So now my grandson faces time in jail. And I say this, his real father abandoned him because my daughter was using her son and the dad could not stand being around it all. My grandson is paying the price for his parents bad act.
When she had the money we begged her to put him in a boot camp. rehab, anything that would help him. No, she bought expensive cars and clothing for herself instead and locked him at home with nothing.
I want to help my grandson, he deserves a decent life. But his mother is evil. She has threatened me and told me to stay away from him, he was not my business.
In the meantime, my grandson is serving a 7 day jail sentence for breaking his probation on a hit and run by failing 3 tests. And he has a longer sentence coming up in another county for a violent episode where he broke everything in the house because his mother bought it with his money and would not do anything for him.

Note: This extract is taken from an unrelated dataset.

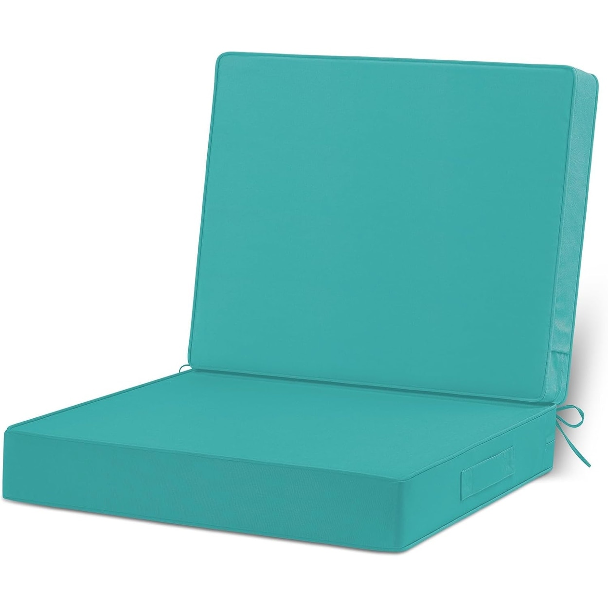 24x24 Waterproof Outdoor Cushions with Non-Slip Ties, Removable Washable Cover, Teal

She calls the police on everyone. Now, he hates her and sees her for what she is but he has nothing. No job, no car, a suspended license and now this legal trouble. What should I do to help him have a decent life he deserves?

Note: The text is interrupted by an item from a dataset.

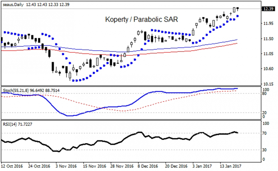Kurs (SEA ) zawahał się podczas ostatnich trzech sesji w zakresie 12,43 - 12,20 USD, łamiąc okoliczny opór 12,25 USD, tuż poniżej którego cały czas są aktywne pro-popytowo ważne punkty spustowe tj. tygodniowy S1 12,19 USD a także wg ujęcia miesięcznego PP 11,40 USD. Wskazany ETF jest jednocześnie w cennej strukturze zwyżkowej od przeszło 230 sesji, w której zanotowano wzrost kursu o blisko 36%.

Amy - posted on 07/20/2012




At 18 he doesn't have to go back there if he doesn't want to, if you are willing to let him stay with you than you can make that offer, but I would definitely put stipulations on it. Like he has to attend counseling (if he needs it), has to be actively searching for a job, or enrolled in classes. I would also seek legal advice if the trust was set up for school/education and it wasn't used for that your grandson may have legal recourse against his mother. Good luck, hopefully you can get your grandson on a good path!

Krista - posted on 07/20/2012




I'd say that the best thing you can do for him is just be there for him and make sure that he knows that he's welcome anytime, and that you love him and believe in him. Maybe offer to help him out for a year to help him get back on his feet (he can live with you, but needs to work or go to school, and you will drive him there).

Good luck -- it's heartbreaking watching a bad parent screw up. It's a shame that more people don't take the job of raising another human being seriously enough.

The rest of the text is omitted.